TASK TO CARRY OUT —
An exact copy of every line from the one holding "跃牌【安琪拉系列】裸感紧身瑜伽裤交叉高腰撞色弹力紧身裤女运动跑步健身裤长裤" to the end of the entries below is required; leave the pictures out.

INPUT —
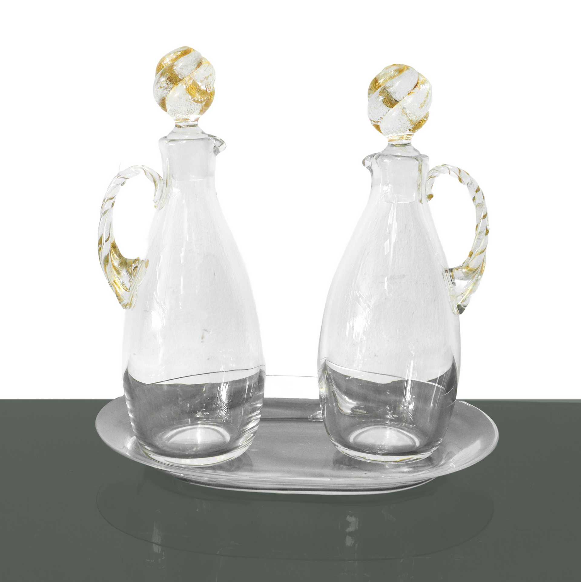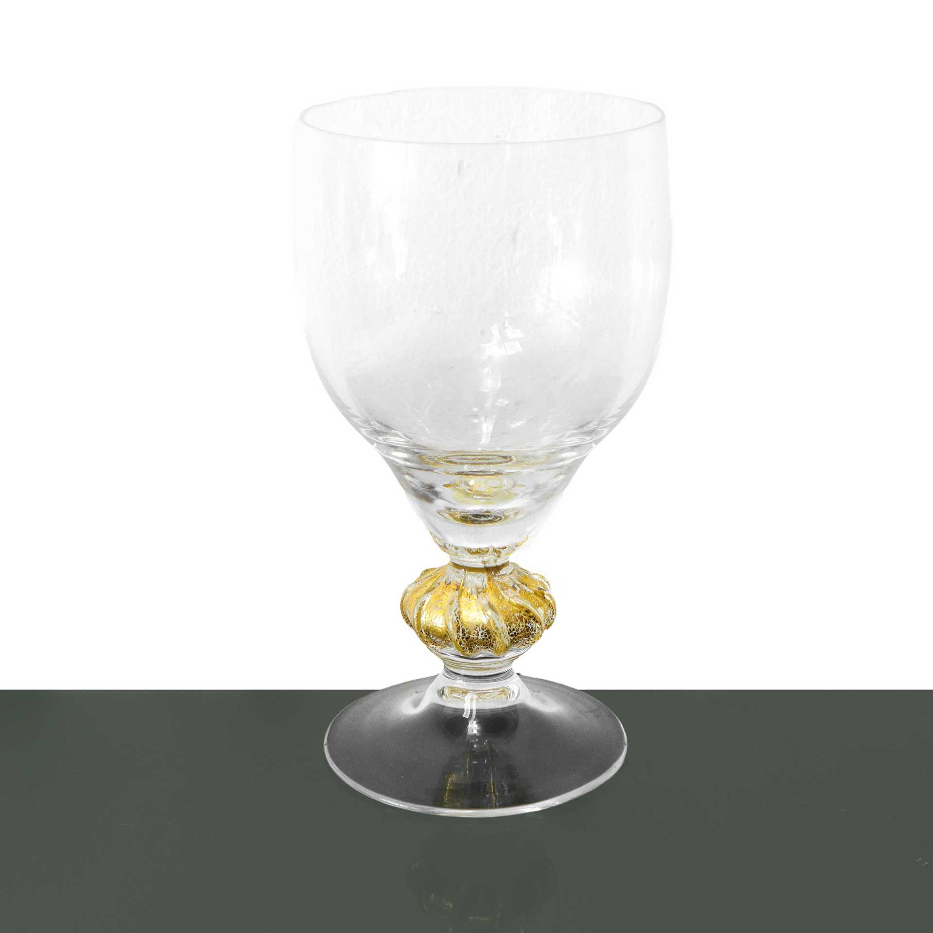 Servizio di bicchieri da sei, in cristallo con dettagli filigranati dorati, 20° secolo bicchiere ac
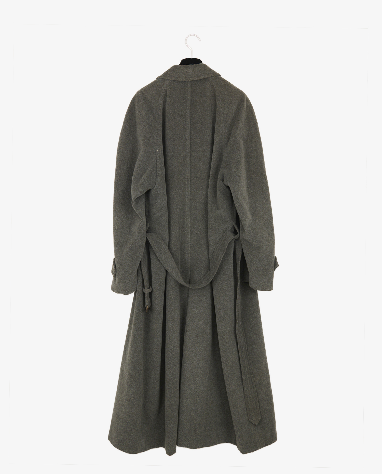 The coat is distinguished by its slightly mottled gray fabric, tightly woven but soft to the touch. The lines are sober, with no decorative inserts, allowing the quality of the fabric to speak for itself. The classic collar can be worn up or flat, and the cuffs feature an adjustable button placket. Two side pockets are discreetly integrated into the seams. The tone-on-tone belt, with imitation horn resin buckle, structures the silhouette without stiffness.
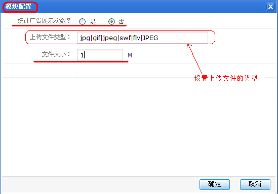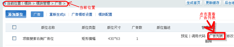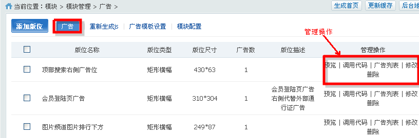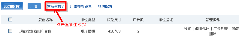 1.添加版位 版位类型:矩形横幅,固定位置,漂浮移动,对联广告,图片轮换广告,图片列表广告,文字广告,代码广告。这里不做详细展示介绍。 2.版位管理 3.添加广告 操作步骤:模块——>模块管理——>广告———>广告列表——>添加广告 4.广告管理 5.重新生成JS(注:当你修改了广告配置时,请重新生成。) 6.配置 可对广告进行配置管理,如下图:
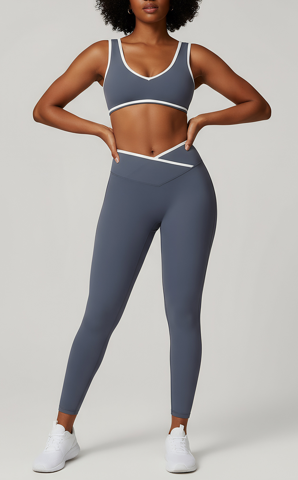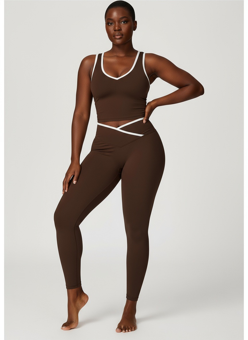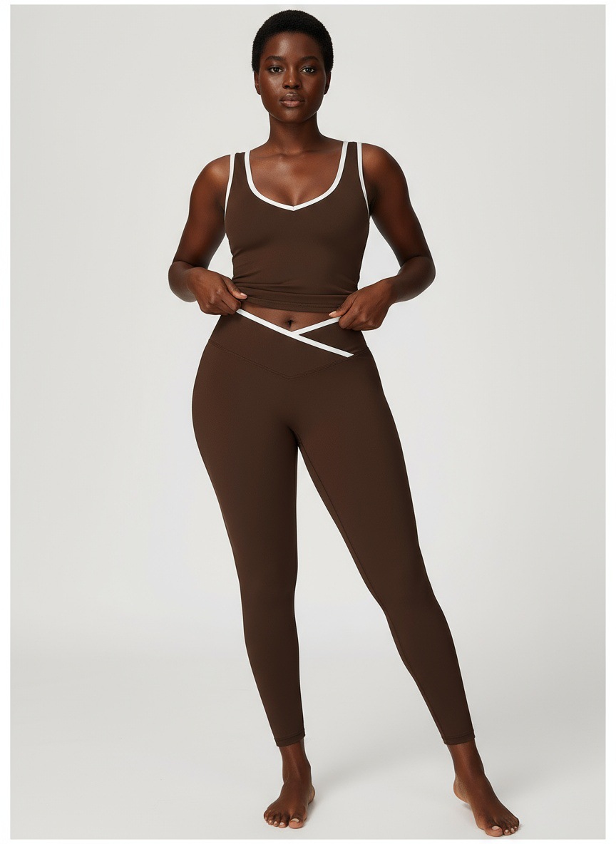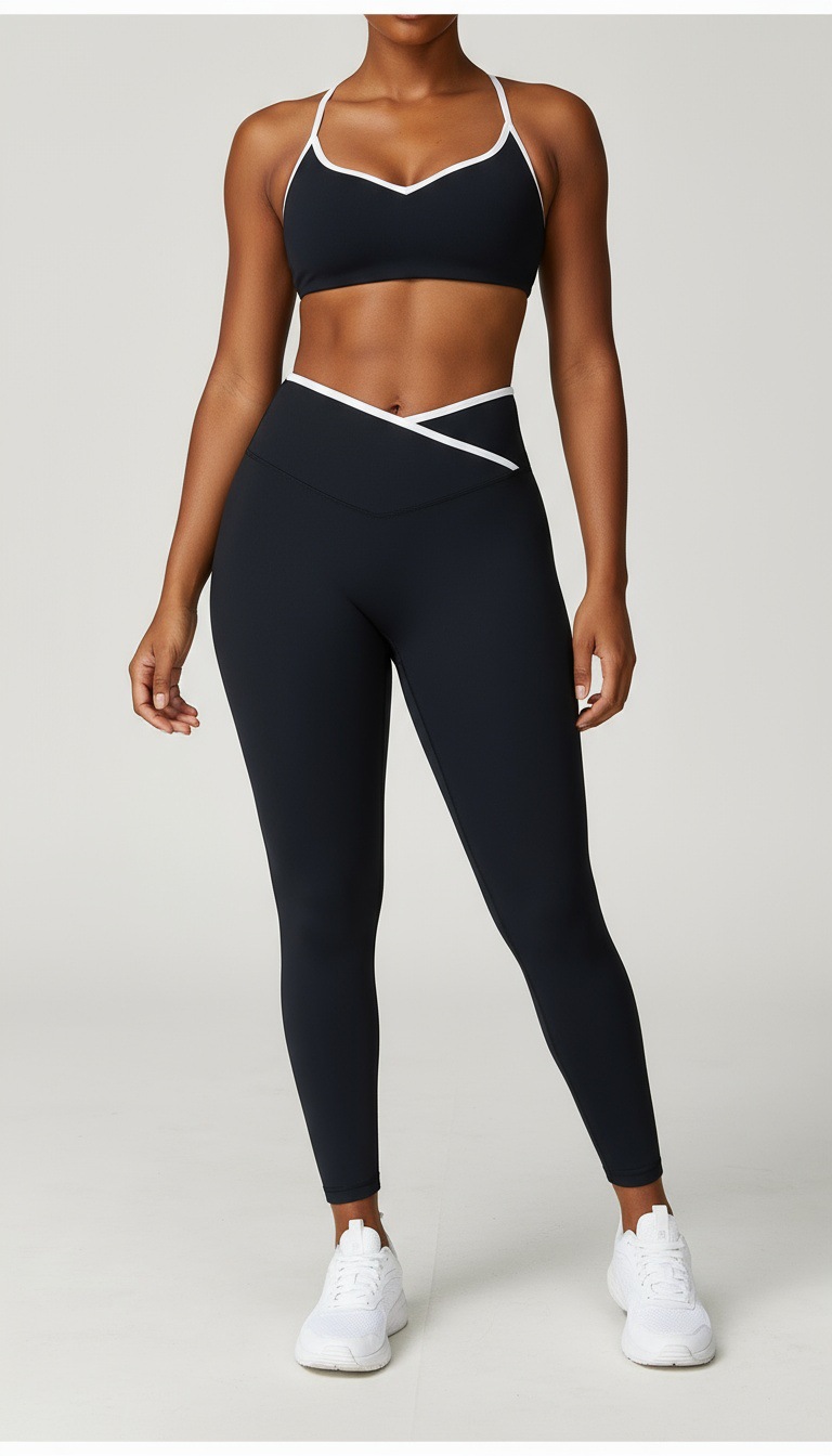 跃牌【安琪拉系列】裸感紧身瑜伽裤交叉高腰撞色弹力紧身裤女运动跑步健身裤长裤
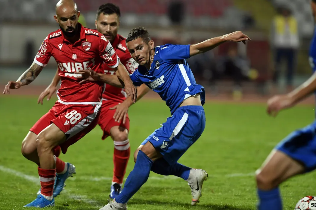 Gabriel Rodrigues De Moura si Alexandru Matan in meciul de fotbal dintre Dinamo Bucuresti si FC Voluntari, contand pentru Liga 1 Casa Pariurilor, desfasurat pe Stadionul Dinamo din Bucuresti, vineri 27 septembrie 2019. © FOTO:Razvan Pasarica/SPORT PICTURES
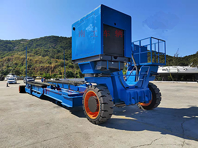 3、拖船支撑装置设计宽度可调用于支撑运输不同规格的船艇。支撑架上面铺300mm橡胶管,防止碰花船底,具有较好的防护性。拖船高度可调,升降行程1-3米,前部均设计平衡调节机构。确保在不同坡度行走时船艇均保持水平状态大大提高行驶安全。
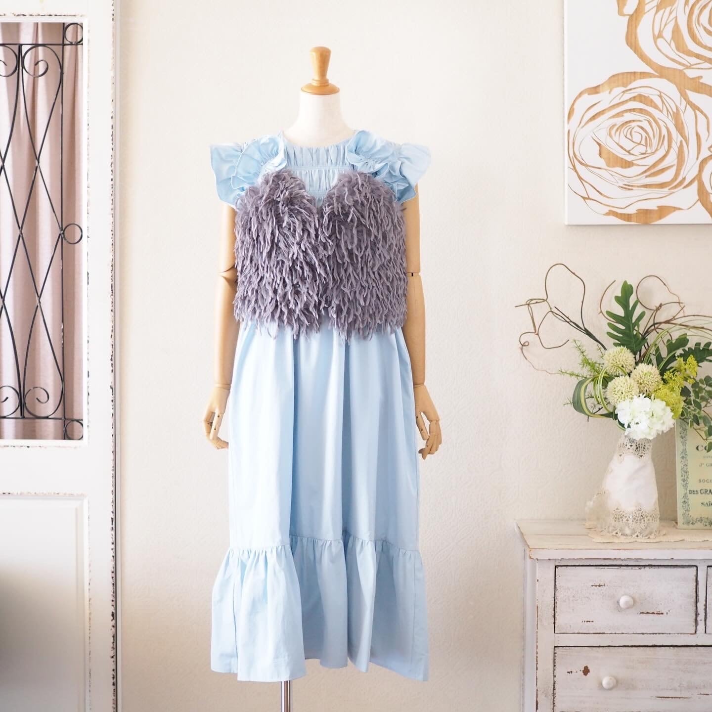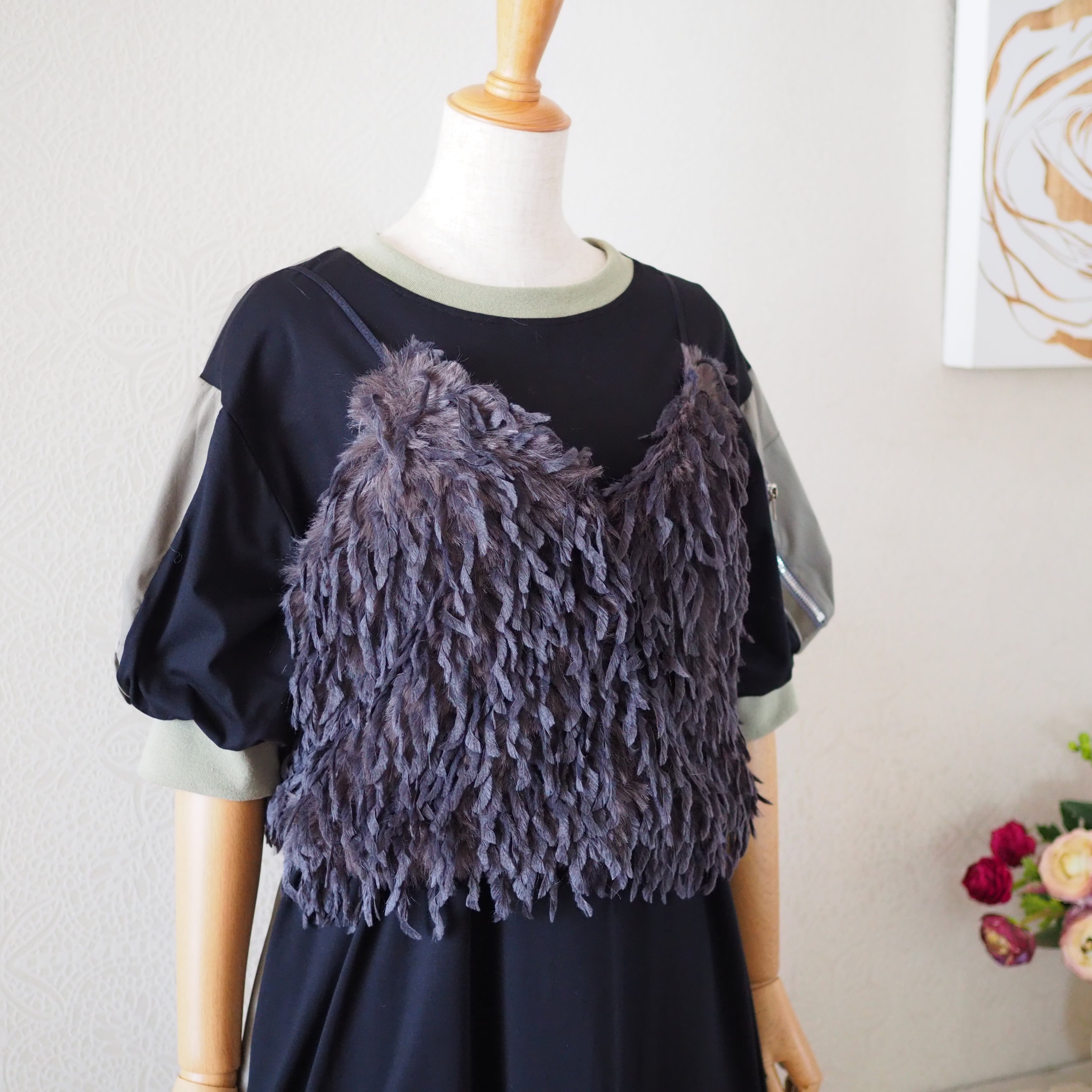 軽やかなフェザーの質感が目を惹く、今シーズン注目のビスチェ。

EXERCISE OUTPUT —
 跃牌【安琪拉系列】裸感紧身瑜伽裤交叉高腰撞色弹力紧身裤女运动跑步健身裤长裤
 Gabriel Rodrigues De Moura si Alexandru Matan in meciul de fotbal dintre Dinamo Bucuresti si FC Voluntari, contand pentru Liga 1 Casa Pariurilor, desfasurat pe Stadionul Dinamo din Bucuresti, vineri 27 septembrie 2019. © FOTO:Razvan Pasarica/SPORT PICTURES
 3、拖船支撑装置设计宽度可调用于支撑运输不同规格的船艇。支撑架上面铺300mm橡胶管,防止碰花船底,具有较好的防护性。拖船高度可调,升降行程1-3米,前部均设计平衡调节机构。确保在不同坡度行走时船艇均保持水平状态大大提高行驶安全。
 軽やかなフェザーの質感が目を惹く、今シーズン注目のビスチェ。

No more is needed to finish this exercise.